Input: Raw data files in `data/congs_115-116_votes/raw/` 

Output: Processed data files in `data/congs_115-116_votes/clean/`

Process: Run the script: `python setup/preprocess_house_congs_votes.py` 


**Step 2:** 

Input: Processed data files in `data/congs_115-116_votes/clean/`

Output: Vote-based ideal point estimates (derived using variational inference) in `data/congs_115-116_votes/fits/`

Process: Run the script (from `tbip_scripts`): `bash estimate_vote_ideal_points_congs_115_116.sh`

### Final Step
---

To get the intermediate file with TBIP values used in the research, the notebook in main directory needs to be run: `combine_and_create_main_file_for_conducting_research.ipynb`

NOTE: For running this above notebook, a newer version of pandas (pandas >= 1.2) is needed than what is supported by python 3.6 and the pandas version needed to run earlier steps. Please use a different python environment and install pandas >= 1.2, openpyxl, and numpy in order to run the above notebook. 

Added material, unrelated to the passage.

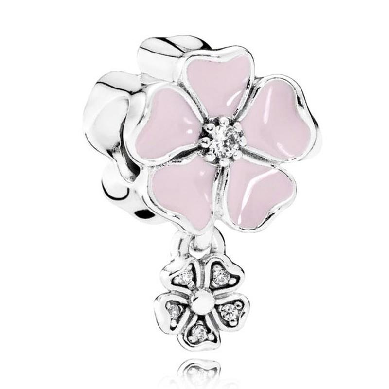 Срібний шарм пандора 791827en40 квітка рожевий квіточку рожева магнолія з камінням камені...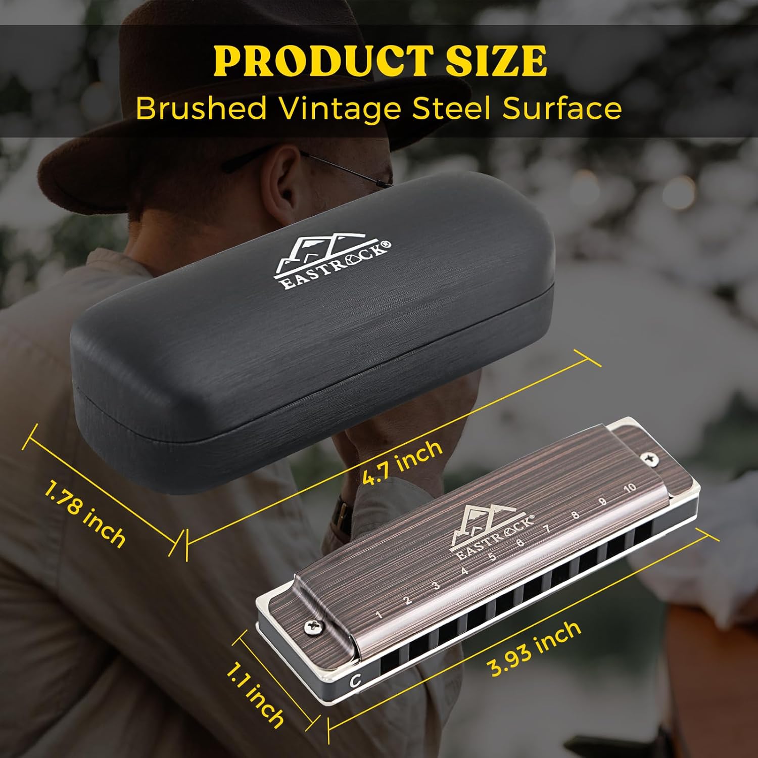 EastRock Harmonica, Blues Harmonica Mouth Organ 10 Hole C Key with Case, Diatonic Harmonica for Professional Player, Beginner, Students, Adult, Friends, Gifts(Brushed Metal)

#### Human (Political Science Grad Students) Validation of unsupervised Topic Modeling (Pre-TBIP-estimation) and TBIP outputs
---

`analysis/human_annotation_files/` contains code for creation of annotation files along with instructions PDF sent alongside xlsx files to annotators, annotation results, and analysis code for computing agreement, etc.